A fork-reuse may require developers to dig into the reused code. This is an opportunity for the team to learn new APIs, design features, code styles and sometimes even new algorithms. This learning further enhances development productivity and makes the team more adaptable and open to better options. It's quite the contrary of what happens to teams that only do reference-reuse or build-from-scratch: these become confined to a few limited perspectives. Of course, if you must reuse spaghetti code, dealing with it will be painful. But beware that there are many programming styles and what is spaghetti for some developers can be well-structured and organized for others. This often happens when a developer accustomed to some paradigm (like event handling or MVC) needs to read code that uses other paradigm (like functional programming or inheritance-based extensibility).
Wait, we are adults!
After reading all this, you might think that I'm against reference-reuse.

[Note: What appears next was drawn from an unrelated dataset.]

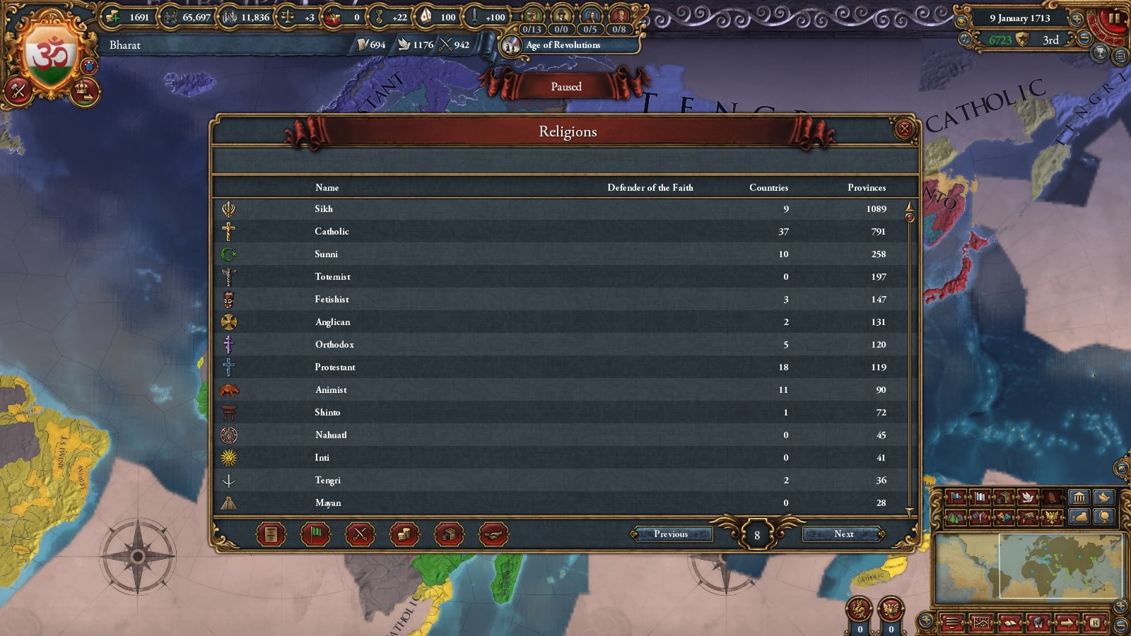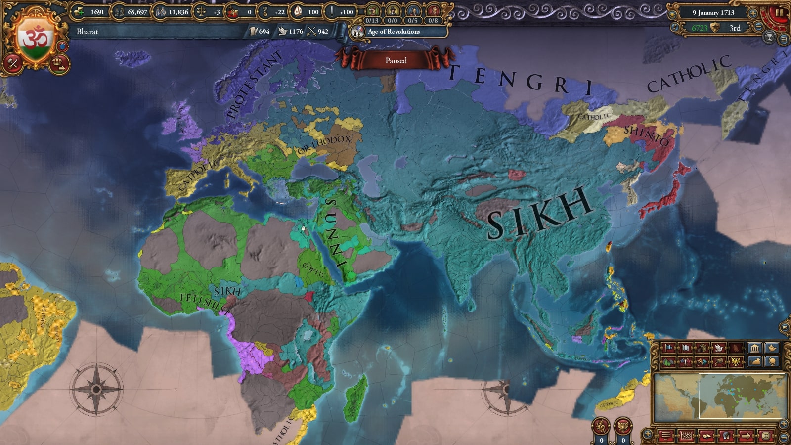 ちなみにシク教は月間統治点(外交点/軍事点)+19を出せる宗教の一つです。

If you do, sorry but you missed my forewords. I'm not against or in favor of any of these. I'm a software architect and designer, and if you know something about it, you understand that we must seek a balance on every choice. There is a hype in the world for reference-reuse, caused by concepts such as object orientation, SOA, DRY, design patterns and some insane attempts to reduce software development cost. Fork-reuse is barely considered nowadays, and problems of reference-reuse seem to be ignored! However, people and companies are evolving, and sometimes a smart group can pull the majority to a better state of knowledge. Apple, for instance, made a fork from KHTML to create WebKit. Chrome by its turn started a fork from WebKit, but after some versions they merged (perhaps it was better for WebKit than for Chrome - who knows?). LibreOffice is a fork from OpenOffice that showed great improvements already in early releases. These are examples of big software being fork-reused. There are also examples of smaller softwares, like the Jetty Server (one of the best servlet engines in my opinion), that was fork-reused by Eclipse.
Of course, fork-reuse also has its problems, and reference-reuse can be very useful in many scenarios. If weren't by fork-reuse, the GDI+ bug would not be so hard to fix and exploits wouldn't be so long live (that could also be avoided by use of a better language, of course!). The key feature for a component to be safely reference-reused is stability: the more stable a component is, the less likely it will be changed, and thus reference-reuse becomes interesting. Unfortunately, in our always-evolving world, only too generic components are actually stable. Many frameworks and specially in-house developed or custom software tend to be unstable during its first years of existence.
When I need to reuse new or unstable software, I always consider fork-reuse, specially if such component is small and has a license that allows me to change sources and pack together with my software. And in most cases I get all benefits! I prefer reference-reuse of generic and stable software such as language APIs, Apache Commons, parser generators, old (but still supported) frameworks like Spring MVC and Hibernate. There is no point in forking those things.
Fork-reuse is a decision that can effectively produce good software with reduced association costs, but like many things in software development, it's not a silver bullet. One must check and weight losses and benefits, and also compare with reference-reuse before doing a decision. Sometimes, we opt for build-from-scratch just to avoid some reference-reuse problems such as undesired dependencies, bad performance of layers and low robustness. On these cases, fork-reuse can be used to greatly reduce costs of a build-from-scratch decision.